North Korea’s leader is in Russia to meet Putin, with both locked in standoffs with the West

SEOUL, South Korea (HRNW) — North Korea’s Kim Jong Un rolled into Russia on an armored train Tuesday to see President Vladimir Putin, a rare meeting between isolated leaders driven together by their need for support in escalating standoffs with the West.

Kim is expected to seek economic aid and military technology for his impoverished country, and, in an unusual twist, appears to have something Putin desperately needs: munitions for Russia’s grueling war in Ukraine.

This meeting is a chance for the North Korean leader to get around crippling U.N. sanctions and years of diplomatic isolation. For Putin, it’s an opportunity to refill ammunition stores that the war has drained.

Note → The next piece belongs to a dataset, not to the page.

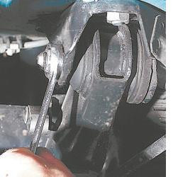 5. Відкрутіть з обох сторін по одній гайки болтів кріплення балки до кронштейнів, вибити болти і зніміть балку, викотивши її на колесах з ― під автомобіля.
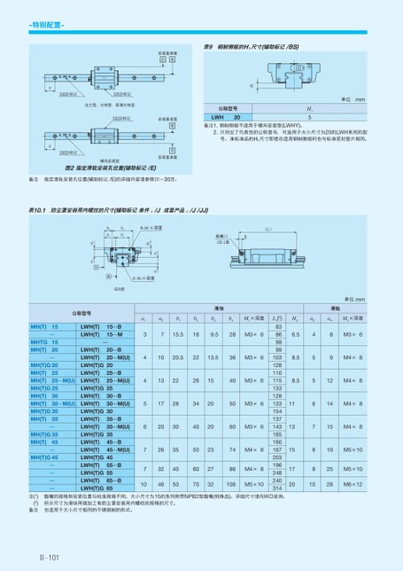 单位mm公称型号LWH20H15备注1.钢制侧板不适用于横向安装型(LWHY)。2.只列出了代表性的公称型号,可适用于大小尺寸为20的LWH系列的型号。准标准品的H1尺寸即使在适用钢制侧板时也与标准密封垫片相同。H1EE标记标记法兰型、方块型、紧凑方块型标记安装基准面BD安装基准面标记横向安装型图2指定滑轨安装孔位置(辅助标记/E)备注指定滑轨安装孔位置(辅助标记/E)的详细内容请参照Ⅲ-30页。-特别配置-表9钢制侧板的H1尺寸(辅助标记/BS)安装基准面DB(L1)脂嘴(1)JIS1型5a4a3H34-M1×深度b4b22-M2×深度法兰型b3b1Ba1Da2表10.1防尘罩安装用内螺纹的尺寸(辅助标记单件:/J成套产品:/J/JJ)公称型号LWH(T)LWH(T)15…B15…M—MH(T)MHTGMH(T)15—1520—MH(T)G2025MH(T)MH(T)25…M(U)MH(T)G25MH(T)3030…M(U)MH(T)MH(T)G30MH(T)35—MH(T)G35MH(T)45—MH(T)G45————LWH(T)LWH(T)LWH(T)G20LWH(T)LWH(T)LWH(T)G25LWH(T)LWH(T)LWH(T)G30LWH(T)LWH(T)LWH(T)G35LWH(T)LWH(T)LWH(T)G45LWH(T)LWH(T)G55LWH(T)LWH(T)G6520…B20…M(U)25…B25…M(U)30…B30…M(U)35…B35…M(U)45…B45…M(U)55…B65…B滑块a2b1b2b3b4M1×深度715.5169.528M3×6a1341020.52213.536M3×641322261540M3×651728342050M3×662030402060M3×672635502374M4×8710324640506070273286M4×8106M5×10单位mm滑轨H3a36.54a48M2×深度M3×68.559M4×88.5512M4×811614M4×813715M4×8151720819M5×108102528M5×10M6×12L1(2)83869999103128110115133128133154137143165160167203196248240314注(1)(2)备注脂嘴的规格和安装位置与标准规格不同。大小尺寸为15的系列附带NPB2型脂嘴(特殊品)。详细尺寸请向IKO咨询。所示尺寸为滑块两端加工有防尘罩安装用内螺纹的规格的尺寸。也适用于大小尺寸相同的不锈钢制的形式。Ⅱ-101

North Korea’s official Korean Central News Agency said Kim boarded his personal train bound for Russia on Sunday afternoon, accompanied by members of the ruling party, government and military.

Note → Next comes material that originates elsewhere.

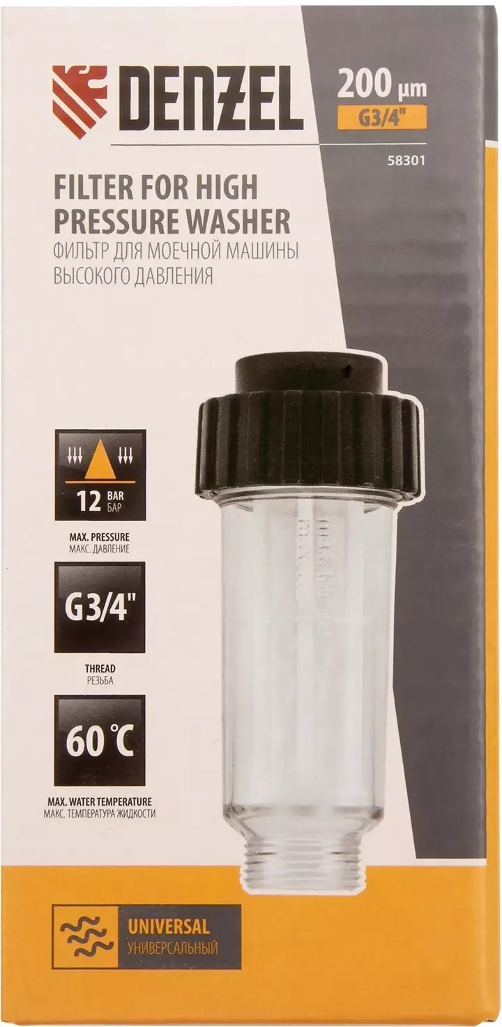 ОписаниеУниверсальный фильтр высокого давления Denzel арт. 58301 используется для очистки воды в моечных машинах и защиты от засорения. Он устанавливается на патрубок мойки с соединением G3/4" на модели марки Denzel.

His final destination is uncertain. Many had assumed Kim and Putin would meet in Vladisvostok, a Russian city close to the border where the two leaders had their last meeting in 2019, and which Putin is visiting this week for an economic forum.

But Kremlin spokesman Dmitry Peskov confirmed only that Kim has entered Russia, and state news agency RIA-Novosti later reported his train had headed north after crossing the Razdolnaya River, taking it away from Vladivostok. The South Korean news agency Yonhap later published a photo it said showed the train in Ussuriysk, a city about 60 kilometers (about 40 miles) north of Vladivostok that has a sizable ethnic Korean population.